DATA EXCERPTS: Begin

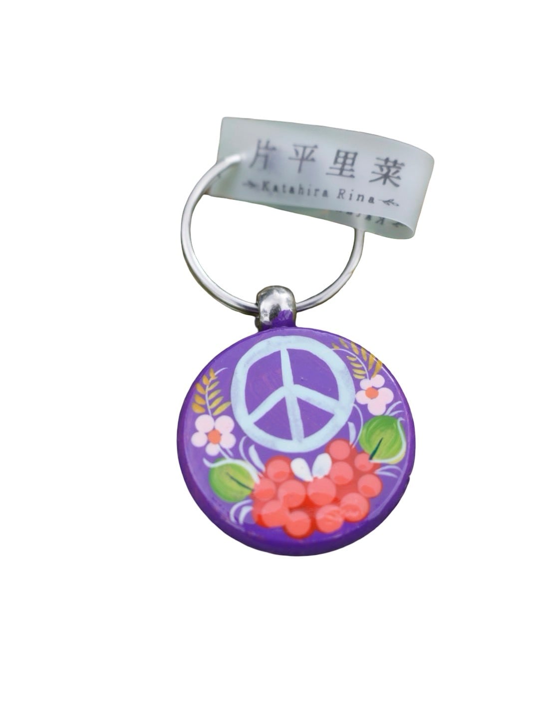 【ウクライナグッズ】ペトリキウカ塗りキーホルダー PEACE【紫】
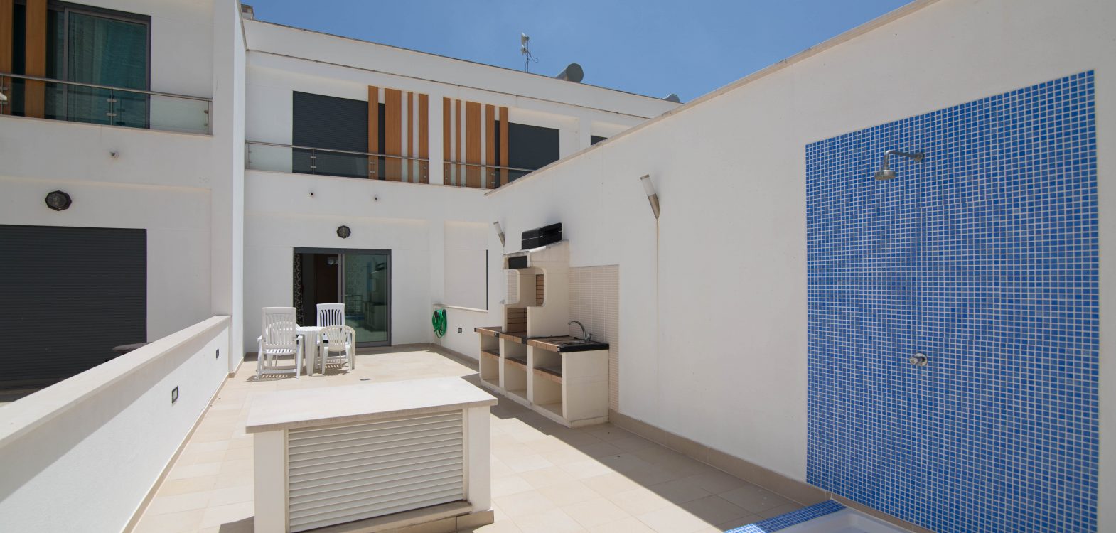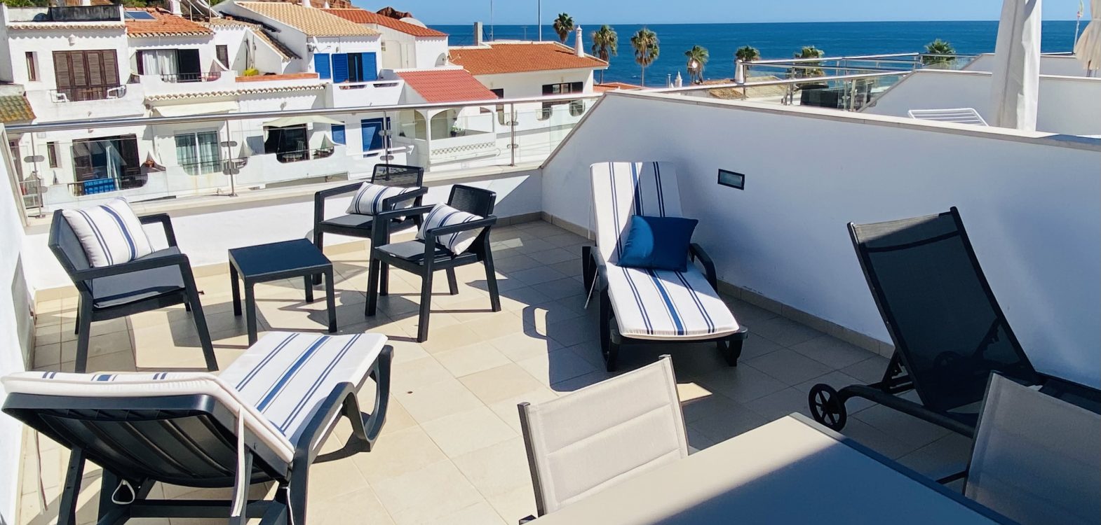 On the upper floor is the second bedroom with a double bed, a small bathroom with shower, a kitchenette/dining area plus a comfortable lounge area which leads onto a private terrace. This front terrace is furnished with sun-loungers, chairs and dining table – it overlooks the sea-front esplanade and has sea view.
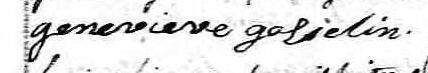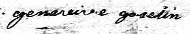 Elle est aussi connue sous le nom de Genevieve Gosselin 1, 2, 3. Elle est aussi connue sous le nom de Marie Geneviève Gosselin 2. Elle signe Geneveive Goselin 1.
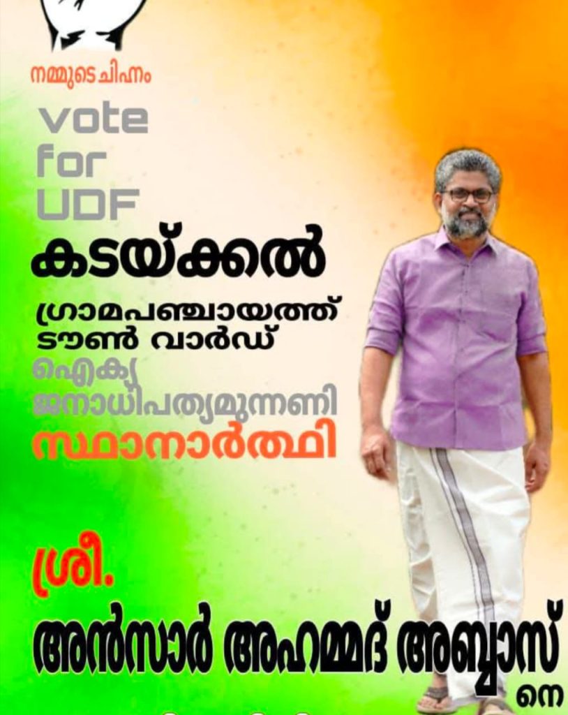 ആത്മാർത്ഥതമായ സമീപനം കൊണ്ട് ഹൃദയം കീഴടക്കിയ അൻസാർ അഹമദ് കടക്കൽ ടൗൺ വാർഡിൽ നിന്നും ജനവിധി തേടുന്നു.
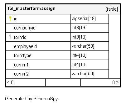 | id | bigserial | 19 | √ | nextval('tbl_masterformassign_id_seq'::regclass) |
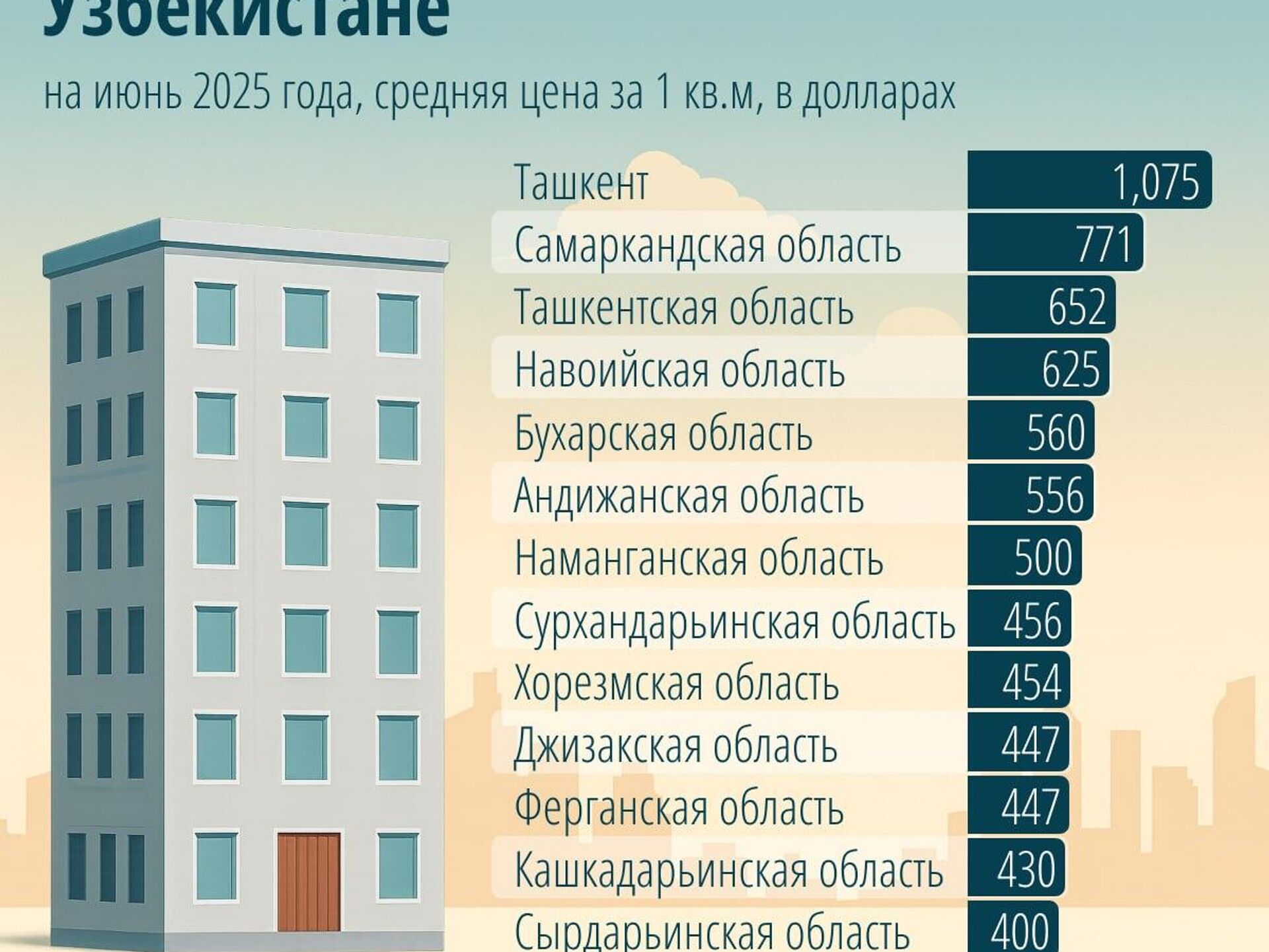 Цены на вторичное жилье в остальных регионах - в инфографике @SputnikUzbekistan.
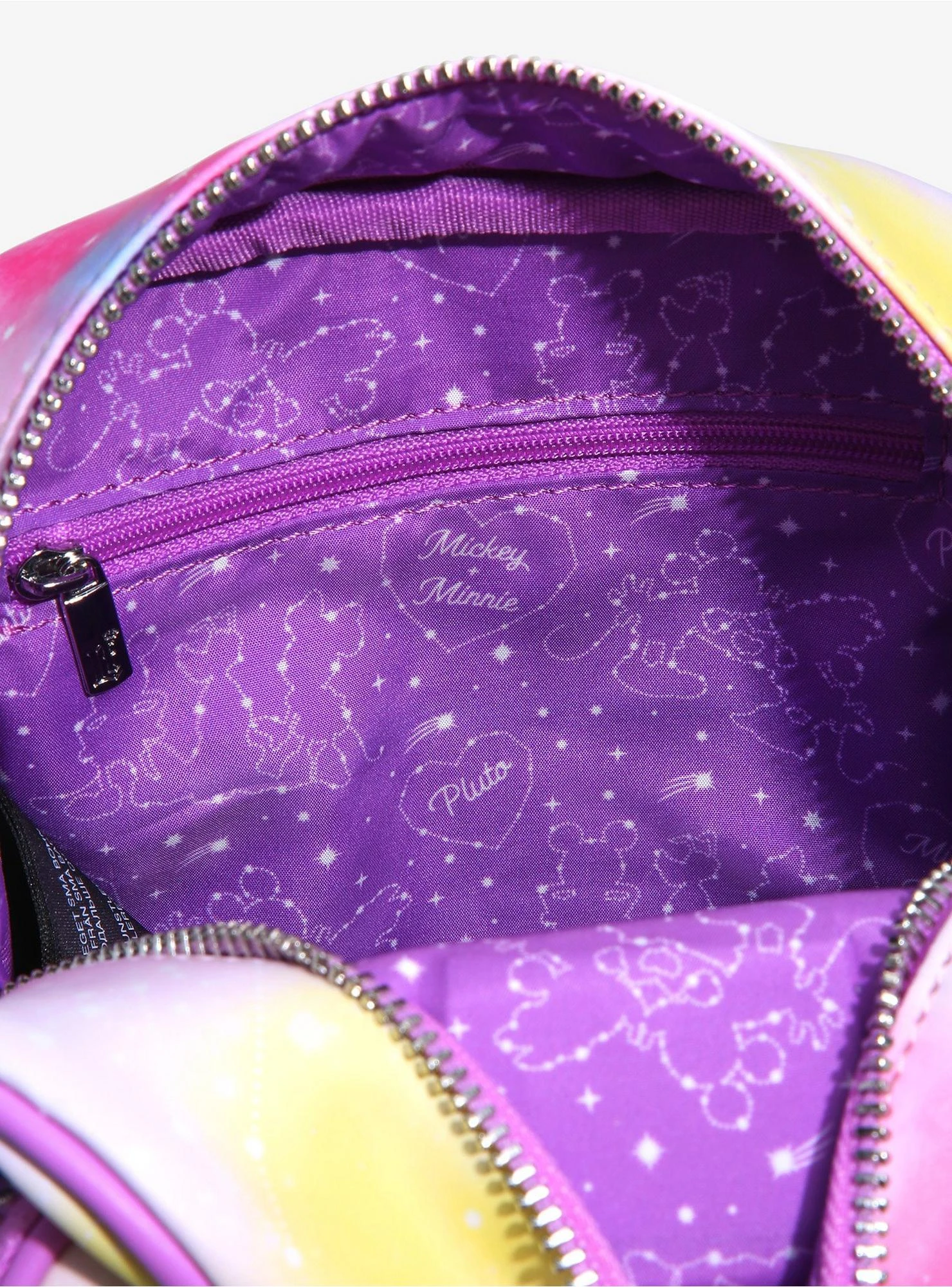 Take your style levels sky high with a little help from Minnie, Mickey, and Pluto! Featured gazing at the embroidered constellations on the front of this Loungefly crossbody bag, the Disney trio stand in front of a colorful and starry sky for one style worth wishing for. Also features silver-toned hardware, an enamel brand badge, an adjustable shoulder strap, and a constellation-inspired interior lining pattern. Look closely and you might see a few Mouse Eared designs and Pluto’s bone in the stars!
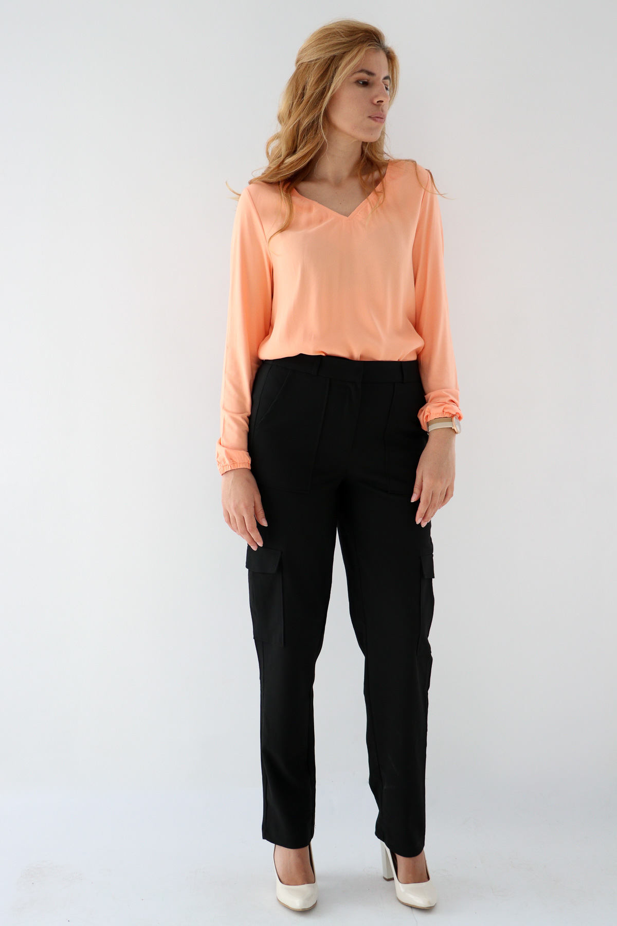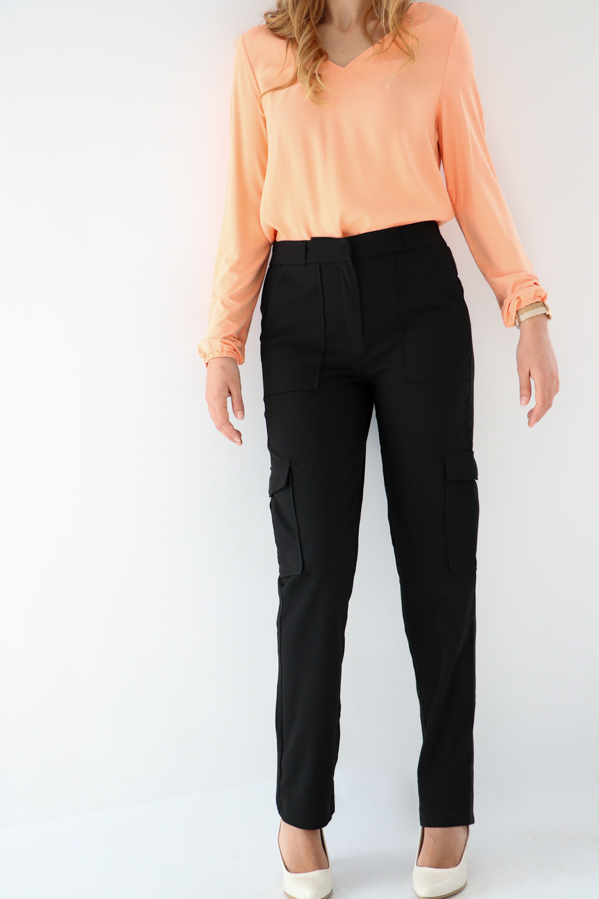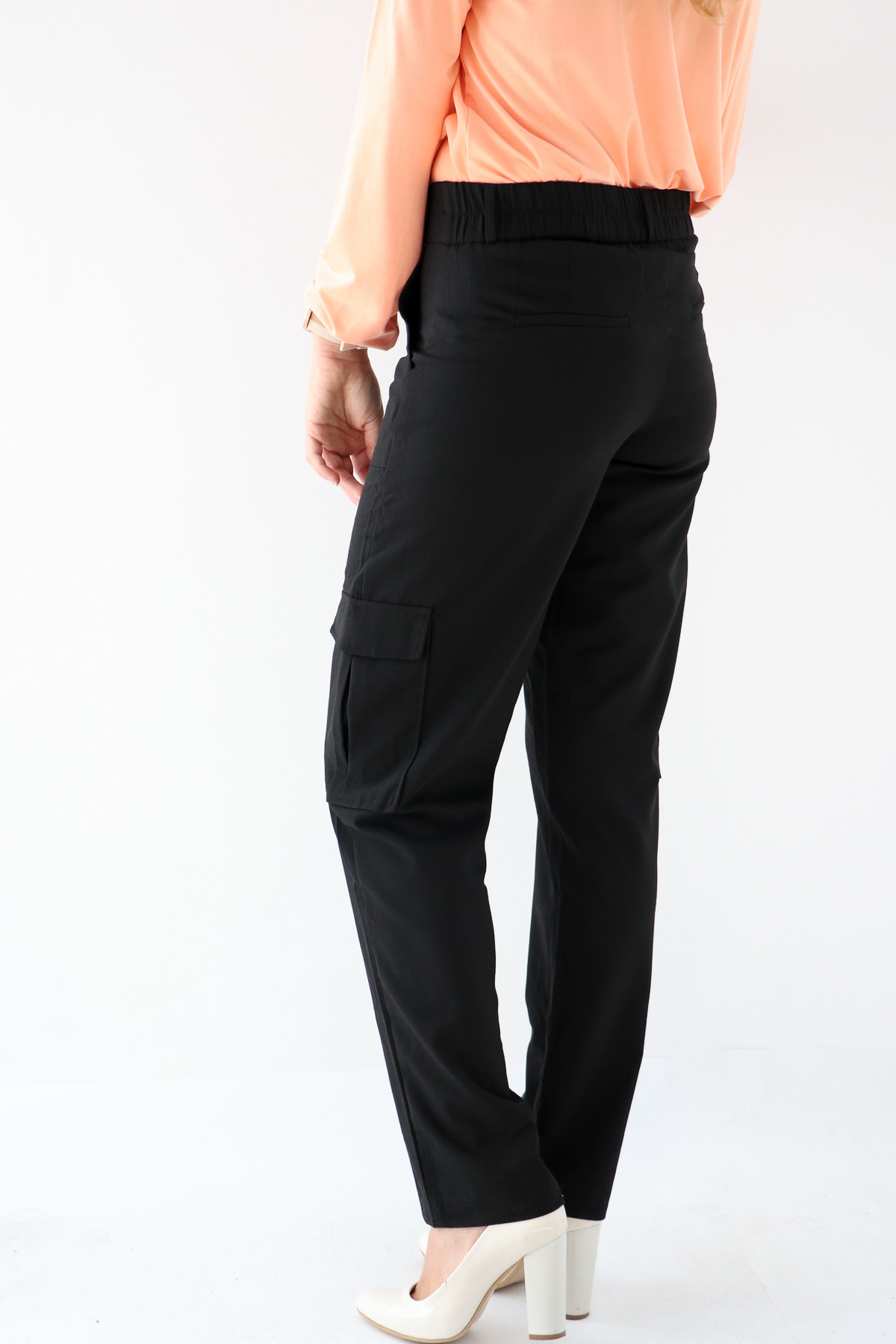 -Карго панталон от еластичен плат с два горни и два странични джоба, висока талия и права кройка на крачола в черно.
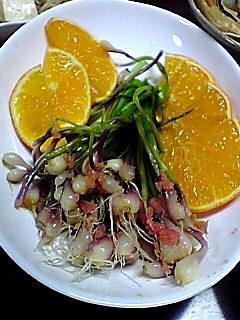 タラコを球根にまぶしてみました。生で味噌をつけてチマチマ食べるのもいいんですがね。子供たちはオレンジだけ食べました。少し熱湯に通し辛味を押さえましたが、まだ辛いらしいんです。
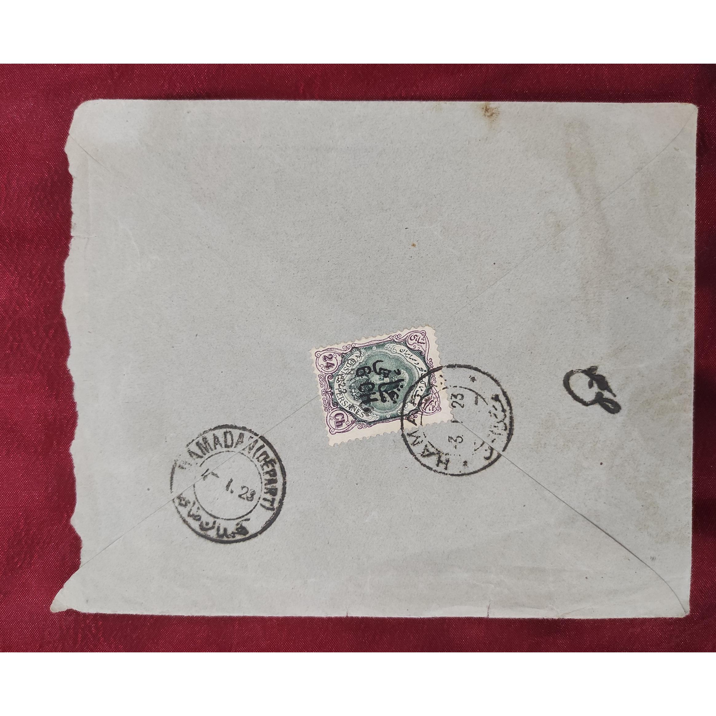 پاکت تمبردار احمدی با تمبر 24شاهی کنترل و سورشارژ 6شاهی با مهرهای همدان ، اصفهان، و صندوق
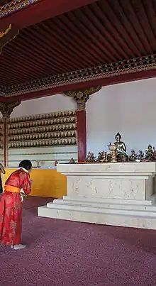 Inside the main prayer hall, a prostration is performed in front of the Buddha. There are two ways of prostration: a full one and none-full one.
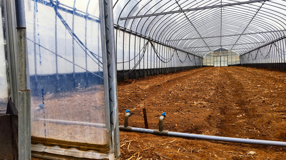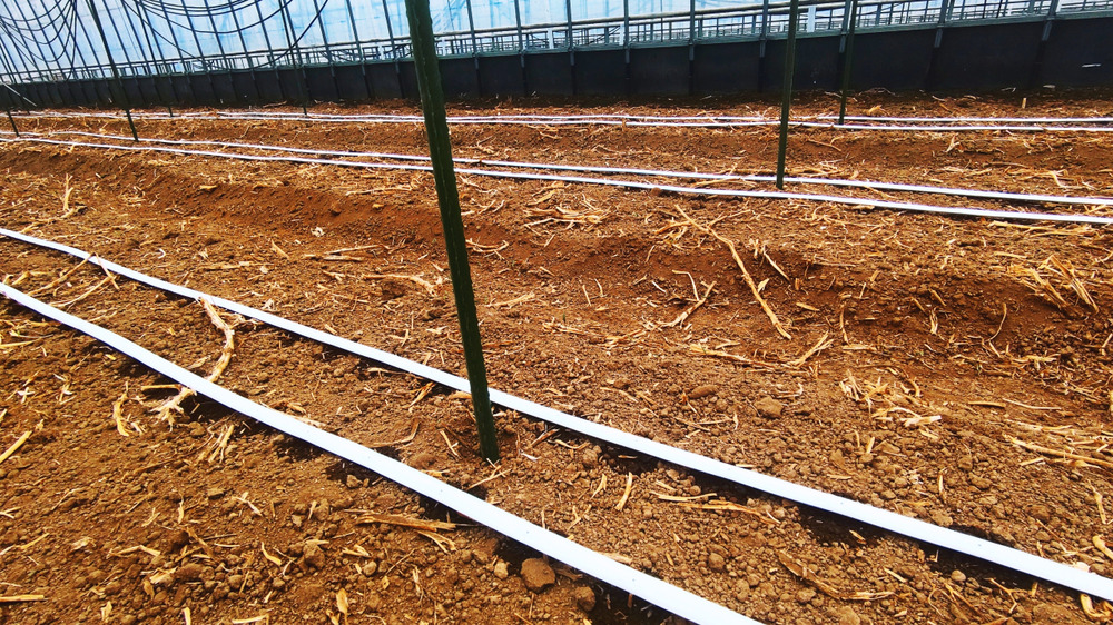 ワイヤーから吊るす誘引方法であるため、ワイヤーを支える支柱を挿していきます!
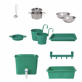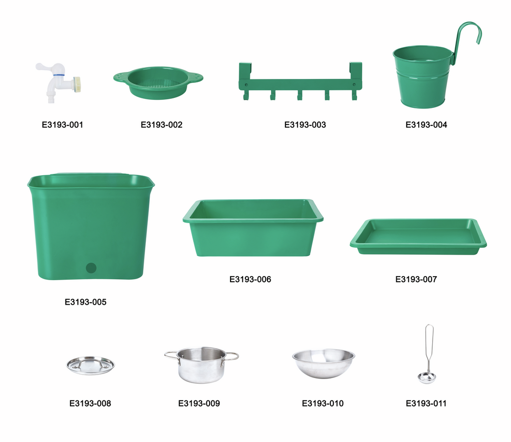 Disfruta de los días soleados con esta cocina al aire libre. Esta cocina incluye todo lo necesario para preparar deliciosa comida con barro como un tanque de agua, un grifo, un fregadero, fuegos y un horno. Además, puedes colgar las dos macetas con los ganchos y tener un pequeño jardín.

DATA EXCERPTS: End

INSTRUCTIONS TO FOLLOW:
A faithful copy of every record is required, with no pictures included.

RESPONSE TO THE TASK:
 【ウクライナグッズ】ペトリキウカ塗りキーホルダー PEACE【紫】
 On the upper floor is the second bedroom with a double bed, a small bathroom with shower, a kitchenette/dining area plus a comfortable lounge area which leads onto a private terrace. This front terrace is furnished with sun-loungers, chairs and dining table – it overlooks the sea-front esplanade and has sea view.
 Elle est aussi connue sous le nom de Genevieve Gosselin 1, 2, 3. Elle est aussi connue sous le nom de Marie Geneviève Gosselin 2. Elle signe Geneveive Goselin 1.
 ആത്മാർത്ഥതമായ സമീപനം കൊണ്ട് ഹൃദയം കീഴടക്കിയ അൻസാർ അഹമദ് കടക്കൽ ടൗൺ വാർഡിൽ നിന്നും ജനവിധി തേടുന്നു.
 | id | bigserial | 19 | √ | nextval('tbl_masterformassign_id_seq'::regclass) |
 Цены на вторичное жилье в остальных регионах - в инфографике @SputnikUzbekistan.
 Take your style levels sky high with a little help from Minnie, Mickey, and Pluto! Featured gazing at the embroidered constellations on the front of this Loungefly crossbody bag, the Disney trio stand in front of a colorful and starry sky for one style worth wishing for. Also features silver-toned hardware, an enamel brand badge, an adjustable shoulder strap, and a constellation-inspired interior lining pattern. Look closely and you might see a few Mouse Eared designs and Pluto’s bone in the stars!
 -Карго панталон от еластичен плат с два горни и два странични джоба, висока талия и права кройка на крачола в черно.
 タラコを球根にまぶしてみました。生で味噌をつけてチマチマ食べるのもいいんですがね。子供たちはオレンジだけ食べました。少し熱湯に通し辛味を押さえましたが、まだ辛いらしいんです。
 پاکت تمبردار احمدی با تمبر 24شاهی کنترل و سورشارژ 6شاهی با مهرهای همدان ، اصفهان، و صندوق
 Inside the main prayer hall, a prostration is performed in front of the Buddha. There are two ways of prostration: a full one and none-full one.
 ワイヤーから吊るす誘引方法であるため、ワイヤーを支える支柱を挿していきます!
 Disfruta de los días soleados con esta cocina al aire libre. Esta cocina incluye todo lo necesario para preparar deliciosa comida con barro como un tanque de agua, un grifo, un fregadero, fuegos y un horno. Además, puedes colgar las dos macetas con los ganchos y tener un pequeño jardín.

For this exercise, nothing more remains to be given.